* _Exercise goal_
Every line below between the line holding "薄手ワンピースレディーススプリング秋物韓国ファッションルーズスカート ロング 春物" and the line holding "Welcome to the", inclusive, should be repeated exactly, and all other lines omitted.
══ Records to process ══
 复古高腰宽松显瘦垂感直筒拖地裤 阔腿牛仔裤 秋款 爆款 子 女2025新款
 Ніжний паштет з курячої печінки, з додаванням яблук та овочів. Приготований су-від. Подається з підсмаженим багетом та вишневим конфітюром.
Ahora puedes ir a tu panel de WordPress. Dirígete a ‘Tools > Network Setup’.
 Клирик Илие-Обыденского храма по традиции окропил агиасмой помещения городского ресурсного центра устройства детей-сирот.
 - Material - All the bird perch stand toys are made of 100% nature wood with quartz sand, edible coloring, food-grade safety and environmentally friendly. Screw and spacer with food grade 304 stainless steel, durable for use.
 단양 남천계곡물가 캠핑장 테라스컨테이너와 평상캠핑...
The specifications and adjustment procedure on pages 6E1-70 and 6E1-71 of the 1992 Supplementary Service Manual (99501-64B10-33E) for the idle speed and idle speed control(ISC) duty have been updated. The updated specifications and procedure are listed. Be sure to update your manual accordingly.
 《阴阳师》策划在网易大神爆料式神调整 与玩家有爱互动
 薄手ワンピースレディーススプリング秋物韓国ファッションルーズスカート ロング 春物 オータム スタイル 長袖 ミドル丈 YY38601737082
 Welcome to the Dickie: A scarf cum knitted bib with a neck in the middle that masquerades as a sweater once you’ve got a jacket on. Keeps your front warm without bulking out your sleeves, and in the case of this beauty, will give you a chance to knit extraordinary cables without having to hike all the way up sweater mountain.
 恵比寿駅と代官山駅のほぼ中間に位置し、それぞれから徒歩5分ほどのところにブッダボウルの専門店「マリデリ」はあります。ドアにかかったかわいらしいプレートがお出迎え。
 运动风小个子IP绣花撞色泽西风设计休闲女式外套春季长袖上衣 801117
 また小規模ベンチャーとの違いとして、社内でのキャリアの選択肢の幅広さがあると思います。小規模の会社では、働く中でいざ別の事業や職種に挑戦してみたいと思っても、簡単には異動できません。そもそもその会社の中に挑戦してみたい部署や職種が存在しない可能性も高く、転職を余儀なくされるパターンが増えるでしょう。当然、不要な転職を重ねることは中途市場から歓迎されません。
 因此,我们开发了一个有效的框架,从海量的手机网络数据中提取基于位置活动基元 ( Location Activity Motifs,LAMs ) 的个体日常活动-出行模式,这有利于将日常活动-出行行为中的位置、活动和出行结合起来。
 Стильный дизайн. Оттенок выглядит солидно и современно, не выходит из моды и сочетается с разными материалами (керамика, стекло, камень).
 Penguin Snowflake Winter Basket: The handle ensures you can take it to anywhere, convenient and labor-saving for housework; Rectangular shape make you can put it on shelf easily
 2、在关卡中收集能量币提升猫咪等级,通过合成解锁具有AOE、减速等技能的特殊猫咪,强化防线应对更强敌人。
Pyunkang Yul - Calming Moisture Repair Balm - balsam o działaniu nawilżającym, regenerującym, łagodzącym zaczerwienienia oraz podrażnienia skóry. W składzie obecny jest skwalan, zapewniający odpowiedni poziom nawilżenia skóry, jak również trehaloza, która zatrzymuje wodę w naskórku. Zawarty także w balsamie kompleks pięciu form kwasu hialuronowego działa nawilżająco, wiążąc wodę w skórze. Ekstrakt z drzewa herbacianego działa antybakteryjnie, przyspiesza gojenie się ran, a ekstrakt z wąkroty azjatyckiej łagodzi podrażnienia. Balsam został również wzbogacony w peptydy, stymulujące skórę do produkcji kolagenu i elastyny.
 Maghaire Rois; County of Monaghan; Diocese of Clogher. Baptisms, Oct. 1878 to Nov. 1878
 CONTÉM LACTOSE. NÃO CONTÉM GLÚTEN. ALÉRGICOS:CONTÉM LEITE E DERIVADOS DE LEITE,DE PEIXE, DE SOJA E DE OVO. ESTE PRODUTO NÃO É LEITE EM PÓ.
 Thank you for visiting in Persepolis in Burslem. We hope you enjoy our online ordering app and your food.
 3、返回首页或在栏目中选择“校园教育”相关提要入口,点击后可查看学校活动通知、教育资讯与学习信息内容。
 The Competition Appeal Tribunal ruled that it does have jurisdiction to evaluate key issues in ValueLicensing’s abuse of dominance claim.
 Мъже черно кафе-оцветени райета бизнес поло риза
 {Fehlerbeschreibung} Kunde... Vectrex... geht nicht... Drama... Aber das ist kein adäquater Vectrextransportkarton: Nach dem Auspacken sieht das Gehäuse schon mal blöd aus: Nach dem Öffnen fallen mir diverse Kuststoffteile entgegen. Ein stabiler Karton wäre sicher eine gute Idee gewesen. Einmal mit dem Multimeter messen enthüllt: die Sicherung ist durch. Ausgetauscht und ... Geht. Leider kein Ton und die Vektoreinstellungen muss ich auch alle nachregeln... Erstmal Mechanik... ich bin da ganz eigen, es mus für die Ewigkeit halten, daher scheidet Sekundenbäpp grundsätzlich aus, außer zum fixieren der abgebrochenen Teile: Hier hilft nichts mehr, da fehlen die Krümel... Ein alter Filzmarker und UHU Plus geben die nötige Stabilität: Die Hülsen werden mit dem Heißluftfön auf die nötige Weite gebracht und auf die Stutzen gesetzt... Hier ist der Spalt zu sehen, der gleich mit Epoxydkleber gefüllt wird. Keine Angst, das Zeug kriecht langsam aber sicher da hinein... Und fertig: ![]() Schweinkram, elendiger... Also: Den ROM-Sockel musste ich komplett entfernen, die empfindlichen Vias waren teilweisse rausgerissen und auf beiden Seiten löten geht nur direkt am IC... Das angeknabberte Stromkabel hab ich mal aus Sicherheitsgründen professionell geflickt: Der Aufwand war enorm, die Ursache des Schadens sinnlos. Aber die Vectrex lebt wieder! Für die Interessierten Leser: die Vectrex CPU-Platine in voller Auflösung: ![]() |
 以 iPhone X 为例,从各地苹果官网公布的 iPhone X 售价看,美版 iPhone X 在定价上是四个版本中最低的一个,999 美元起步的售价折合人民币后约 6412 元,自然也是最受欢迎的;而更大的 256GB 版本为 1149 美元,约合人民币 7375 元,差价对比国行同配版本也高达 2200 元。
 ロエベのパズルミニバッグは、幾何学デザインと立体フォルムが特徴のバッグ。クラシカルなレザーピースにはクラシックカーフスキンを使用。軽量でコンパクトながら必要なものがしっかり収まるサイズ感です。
═══
* _Reply to the task_
 薄手ワンピースレディーススプリング秋物韓国ファッションルーズスカート ロング 春物 オータム スタイル 長袖 ミドル丈 YY38601737082
 Welcome to the Dickie: A scarf cum knitted bib with a neck in the middle that masquerades as a sweater once you’ve got a jacket on. Keeps your front warm without bulking out your sleeves, and in the case of this beauty, will give you a chance to knit extraordinary cables without having to hike all the way up sweater mountain.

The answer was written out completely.